Linux-RDMA Archive on lore.kernel.org
 help / color / Atom feed
From: Yishai Hadas <yishaih@mellanox.com>
To: linux-rdma@vger.kernel.org
Cc: jgg@mellanox.com, dledford@redhat.com, yishaih@mellanox.com,
	maorg@mellanox.com, michaelgur@mellanox.com
Subject: [PATCH rdma-core 4/7] verbs: Relaxed ordering memory regions
Date: Thu,  9 Jan 2020 16:04:33 +0200
Message-ID: <1578578676-752-5-git-send-email-yishaih@mellanox.com> (raw)
In-Reply-To: <1578578676-752-1-git-send-email-yishaih@mellanox.com>

From: Michael Guralnik <michaelgur@mellanox.com>

Add a flag to allow creation of relaxed ordering memory regions.
Access through such MRs can improve performance by allowing the system
to reorder certain accesses.

As relaxed ordering is an optimization, drivers that do not support it
can simply ignore it.

An optional MR access bit range is defined based on the kernel matching
part and its first entry will be IBV_ACCESS_RELAXED_ORDERING.

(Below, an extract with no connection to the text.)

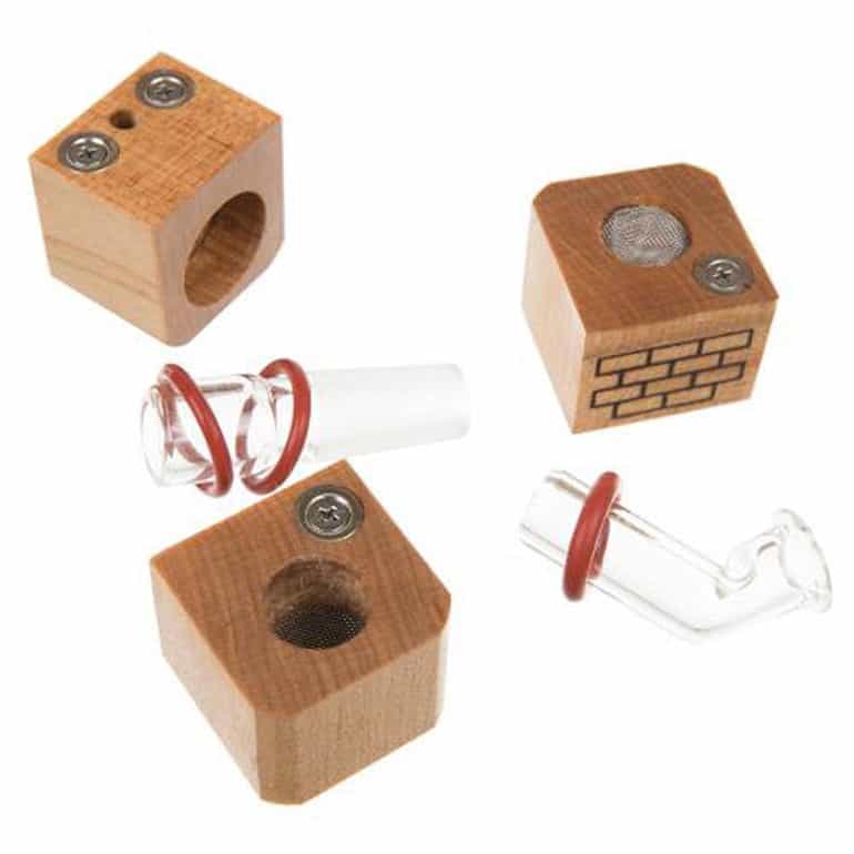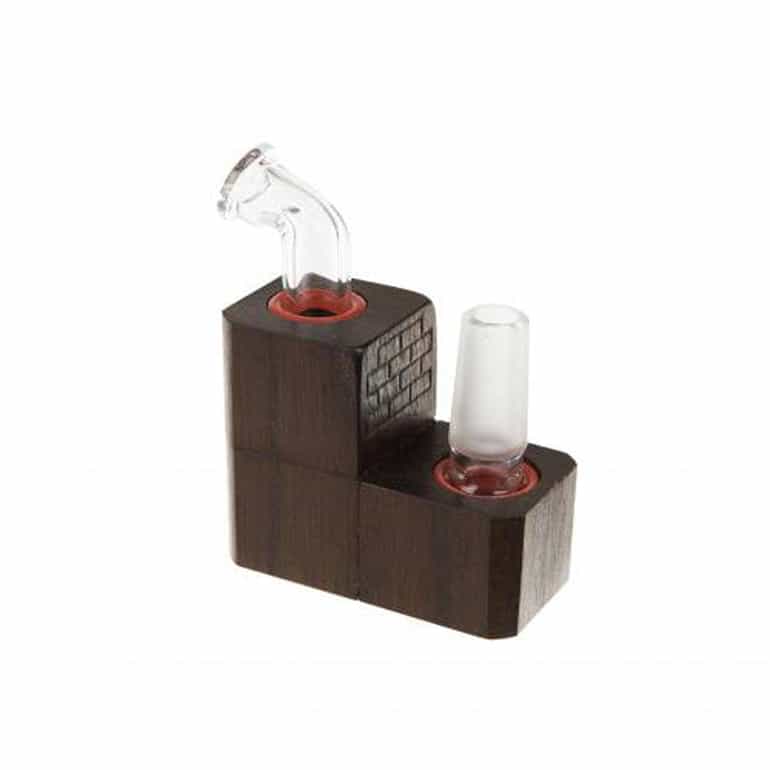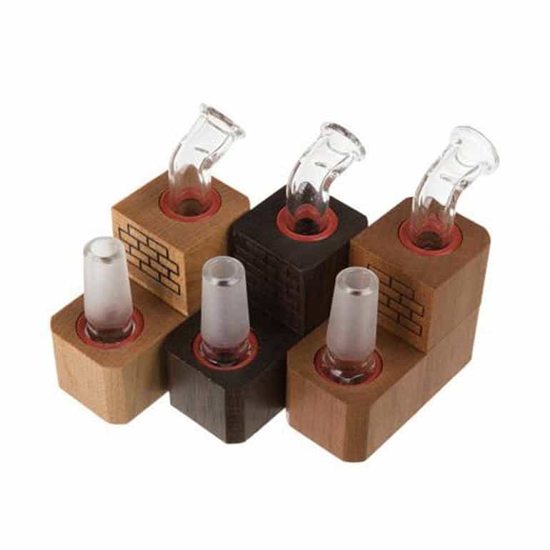 Crafted from polished wood—walnut, cherry, rock maple, or black limba—the Flip Brick also features smooth glass pieces to deliver clean and delicious vapour. The Flip Brick sits upright to store, then flips to attach to your favourite water pipe. The device features restrictor discs to prevent your material from combusting.

In case an application uses one of the bits from the optional range the
library will mask it out in case the 'MR optional mode' is not supported by
the kernel.

Signed-off-by: Michael Guralnik <michaelgur@mellanox.com>
Signed-off-by: Yishai Hadas <yishaih@mellanox.com>
---
 debian/libibverbs1.symbols   |  2 ++
 libibverbs/CMakeLists.txt    |  2 +-
 libibverbs/libibverbs.map.in |  5 +++++
 libibverbs/man/ibv_reg_mr.3  |  2 ++
 libibverbs/verbs.c           | 13 +++++++++++
 libibverbs/verbs.h           | 51 ++++++++++++++++++++++++++++++++++++++++++--
 libibverbs/verbs_api.h       |  2 ++
 7 files changed, 74 insertions(+), 3 deletions(-)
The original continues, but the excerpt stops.